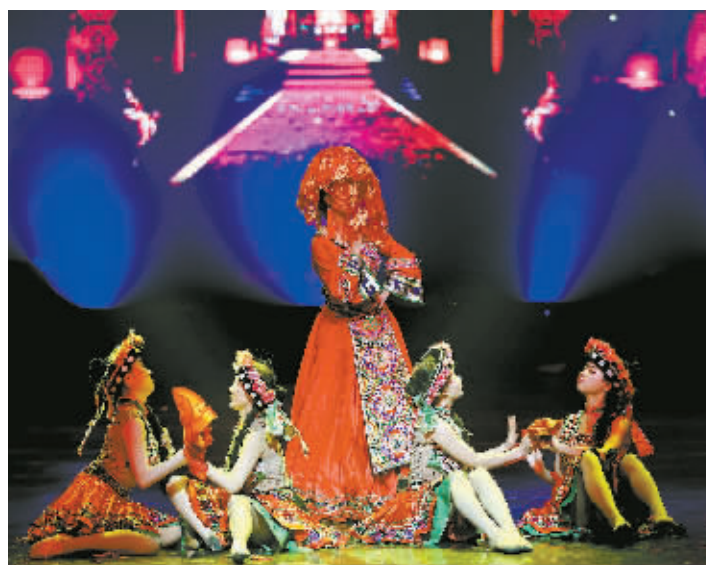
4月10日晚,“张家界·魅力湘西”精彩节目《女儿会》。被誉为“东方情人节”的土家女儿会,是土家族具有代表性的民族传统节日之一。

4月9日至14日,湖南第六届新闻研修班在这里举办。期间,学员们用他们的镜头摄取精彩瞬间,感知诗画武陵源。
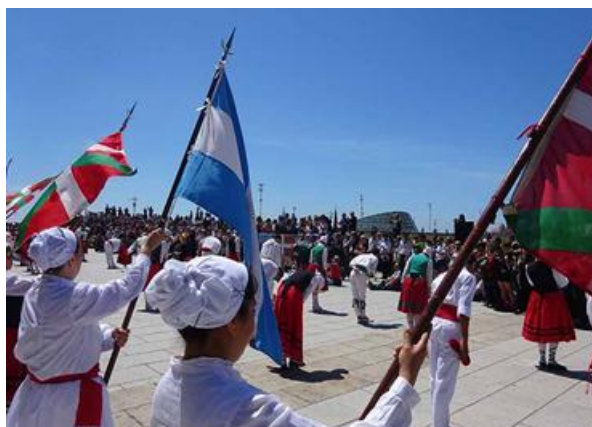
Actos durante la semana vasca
---
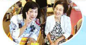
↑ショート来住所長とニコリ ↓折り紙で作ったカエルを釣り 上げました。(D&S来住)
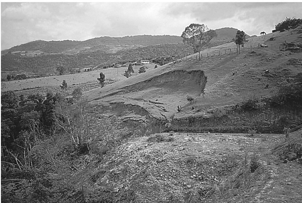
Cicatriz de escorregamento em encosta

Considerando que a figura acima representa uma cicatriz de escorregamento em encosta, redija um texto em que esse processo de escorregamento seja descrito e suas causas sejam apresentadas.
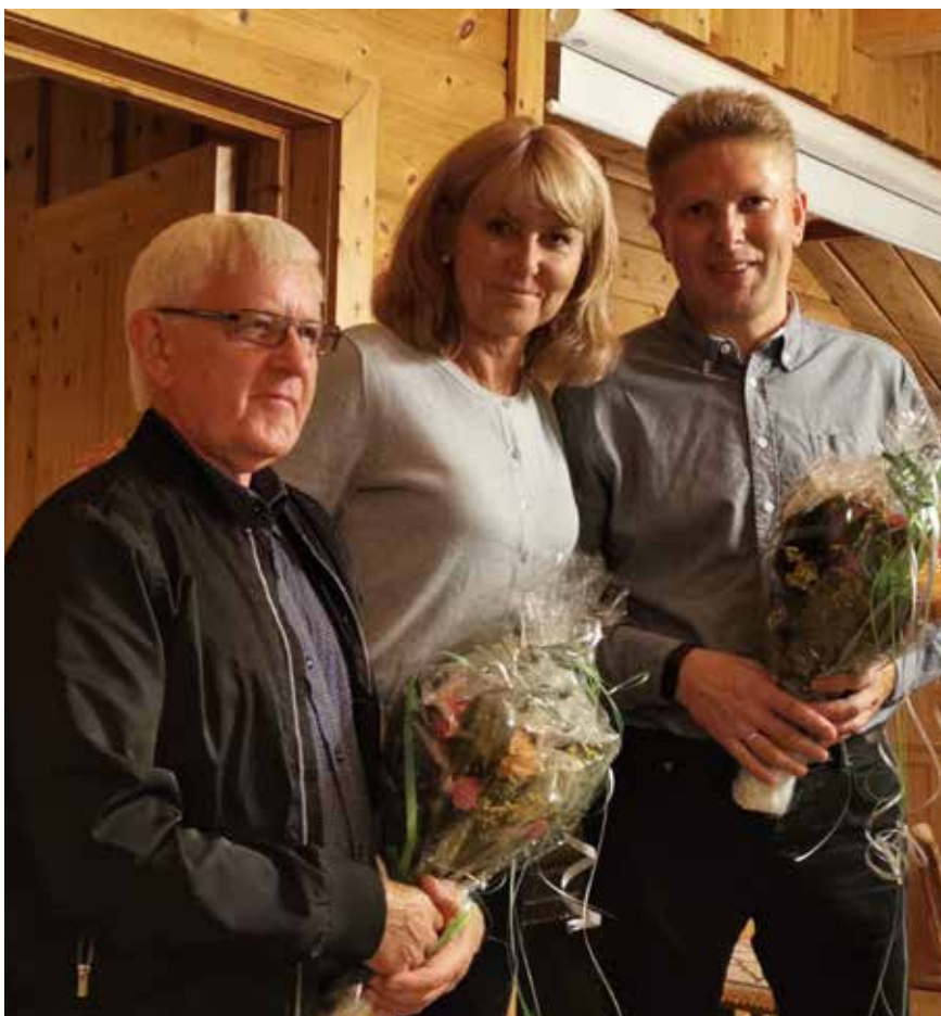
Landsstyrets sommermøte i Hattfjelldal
---
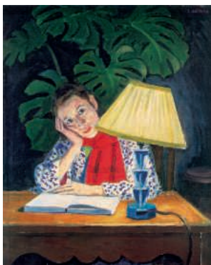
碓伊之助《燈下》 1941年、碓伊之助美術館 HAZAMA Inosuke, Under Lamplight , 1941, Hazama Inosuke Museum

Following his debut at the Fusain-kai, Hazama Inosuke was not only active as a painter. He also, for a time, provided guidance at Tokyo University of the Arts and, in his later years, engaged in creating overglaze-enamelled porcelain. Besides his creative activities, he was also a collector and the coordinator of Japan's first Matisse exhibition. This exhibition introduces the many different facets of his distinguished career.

WHAT IS NEEDED ▸ Count, in the records above, the lines that contain the word "escorregamento"; the answer is that number alone.

ANSWER SPACE ▸ 2